**What you should do**
Please begin with the line containing "这是2017年11月1日,在" and reproduce each line exactly until the records below end, without any pictures.

Saved data entries:
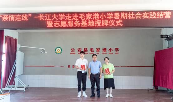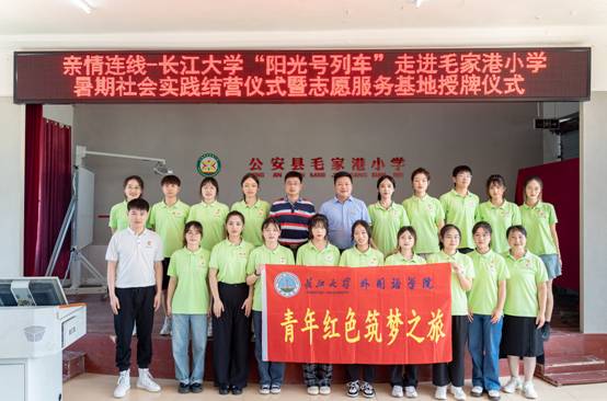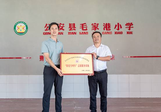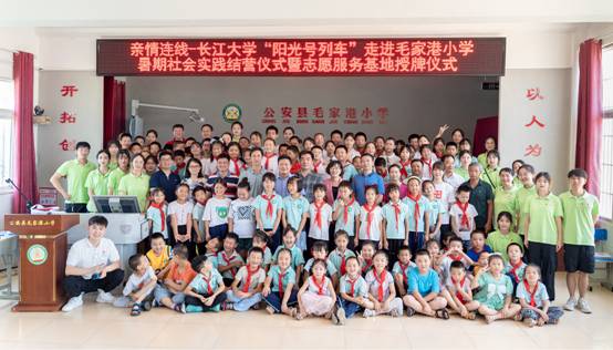 (通讯员:许泽琼、赵宇杰、吴晨宇)近日,太阳成集团122ccvip“阳光号列车”暑期支教活动在公安县毛家港小学圆满收官,并举行了暑期社会实践结营仪式暨志愿服务基地授牌仪式。共青团荆州市委副书记谭亮魁、公安县委宣传部副部长张俊以及太阳成集团122ccvip、公安县毛家港小学主要负责人等出席,19名志愿者和120余名小员工参加了仪式。
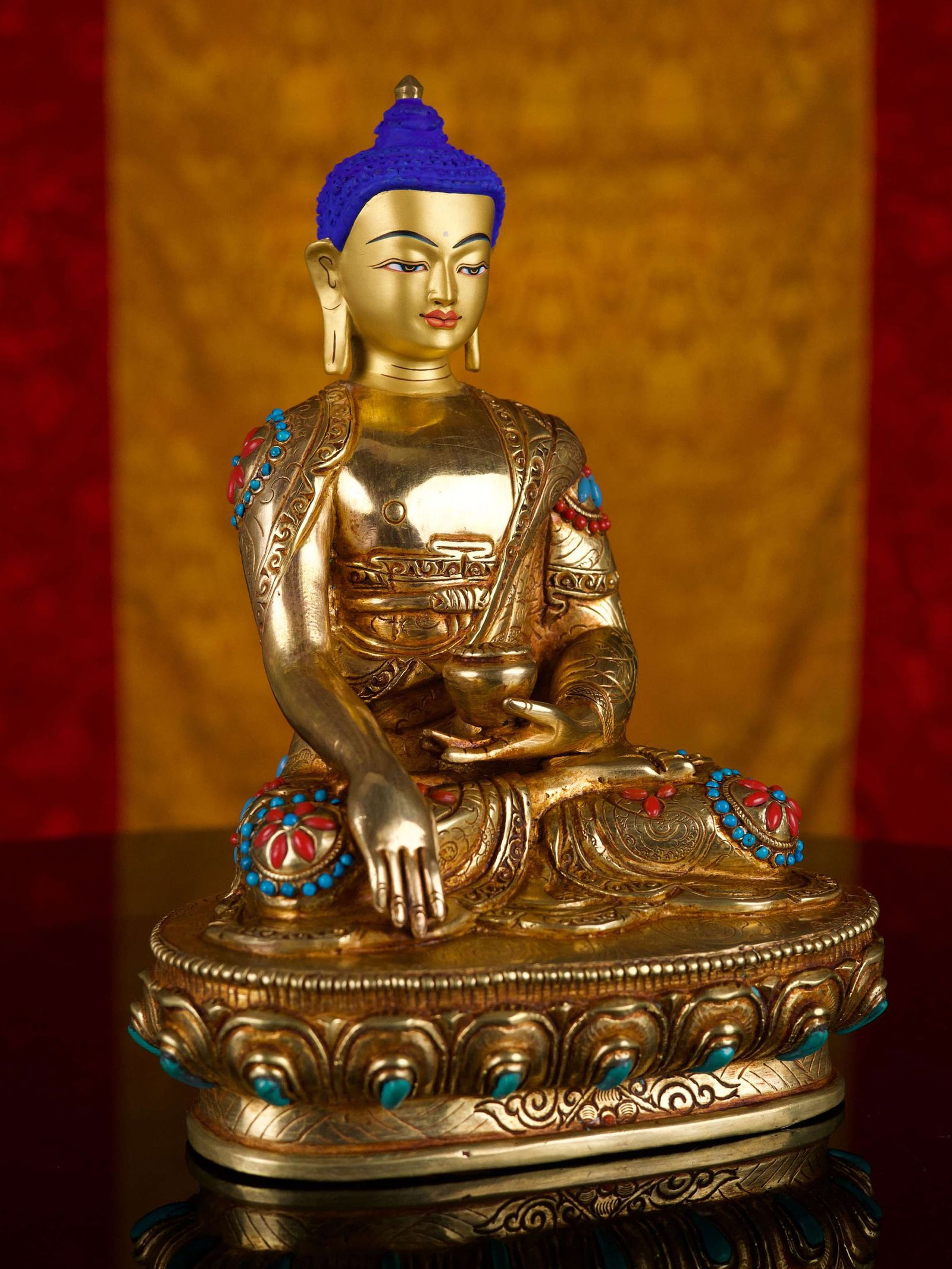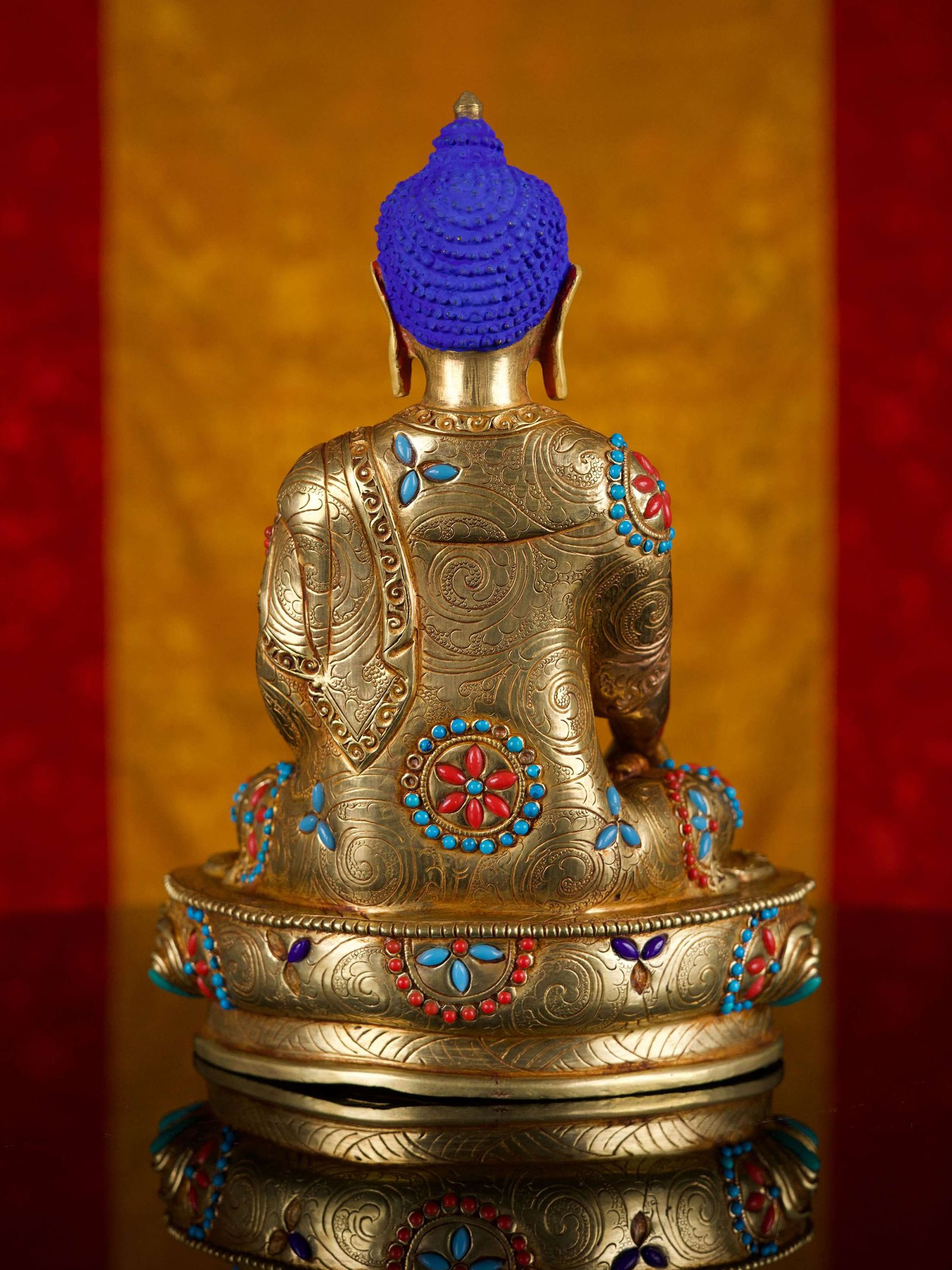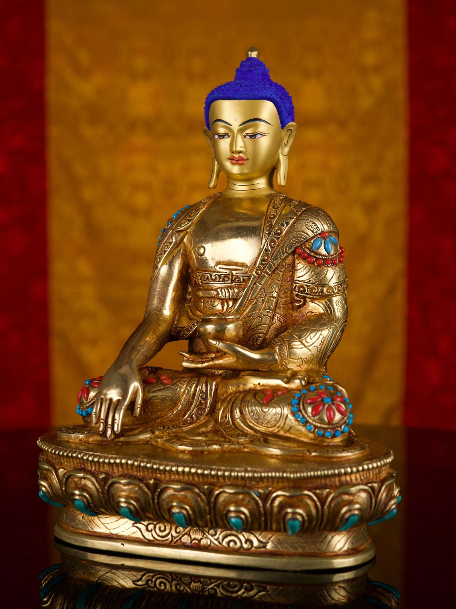 The SHAKYAMUNI BUDDHA is adorned with an exquisite array of semi-precious stones, including turquoise, coral, and lapis lazuli. These stones are carefully selected and meticulously placed on the SHAKYAMUNI BUDDHA's surface, adding a touch of opulence and enhancing its overall beauty. Each stone is thoughtfully positioned using a high-quality adhesive, ensuring secure and long-lasting attachment. The vibrant colors and unique patterns of the stones create a captivating contrast against the backdrop of the SHAKYAMUNI BUDDHA, elevating its visual appeal and making it truly eye-catching. Read More
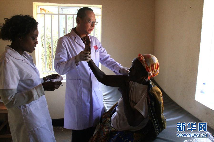 这是2017年11月1日,在卢旺达基本戈地区,中国第18批援助卢旺达医疗队队员为当地居民诊疗。 新华社记者吕天然摄
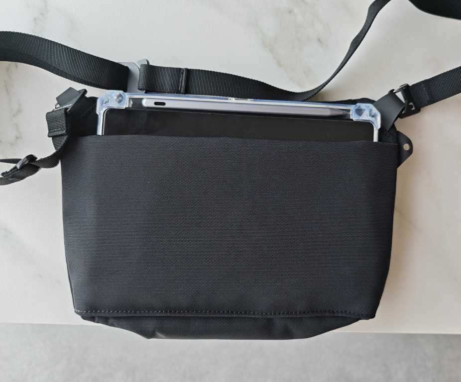 サイズ感:B6サイズがぴったり収まるコンパクトさ。スマホ、財布、鍵、イヤホンなど、日常の必需品がちょうど入る。
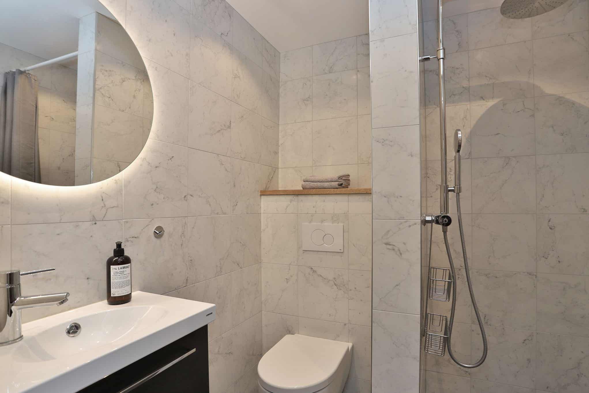 Badkamers:Badkamer 1=douche, wc, sauna.
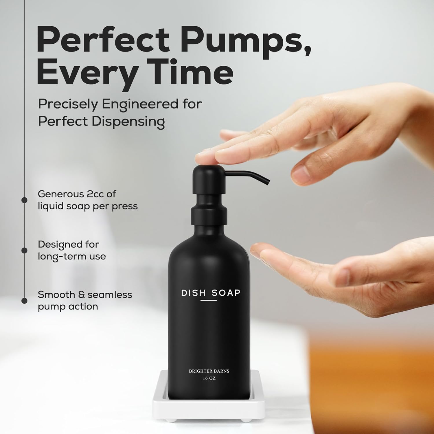 - AMERICAN DESIGN, UNCOMPROMISING QUALITY - Crafted with meticulous attention to detail, our glass soap dispenser with pump set features 2 robust 16oz glass bottles, corrosion-proof 304G stainless steel pumps, and a stain-resistant ceramic tray. All designed in the USA to provide unbeatable quality and enduring style that you can trust.

**Your response**
 这是2017年11月1日,在卢旺达基本戈地区,中国第18批援助卢旺达医疗队队员为当地居民诊疗。 新华社记者吕天然摄
 サイズ感:B6サイズがぴったり収まるコンパクトさ。スマホ、財布、鍵、イヤホンなど、日常の必需品がちょうど入る。
 Badkamers:Badkamer 1=douche, wc, sauna.
 - AMERICAN DESIGN, UNCOMPROMISING QUALITY - Crafted with meticulous attention to detail, our glass soap dispenser with pump set features 2 robust 16oz glass bottles, corrosion-proof 304G stainless steel pumps, and a stain-resistant ceramic tray. All designed in the USA to provide unbeatable quality and enduring style that you can trust.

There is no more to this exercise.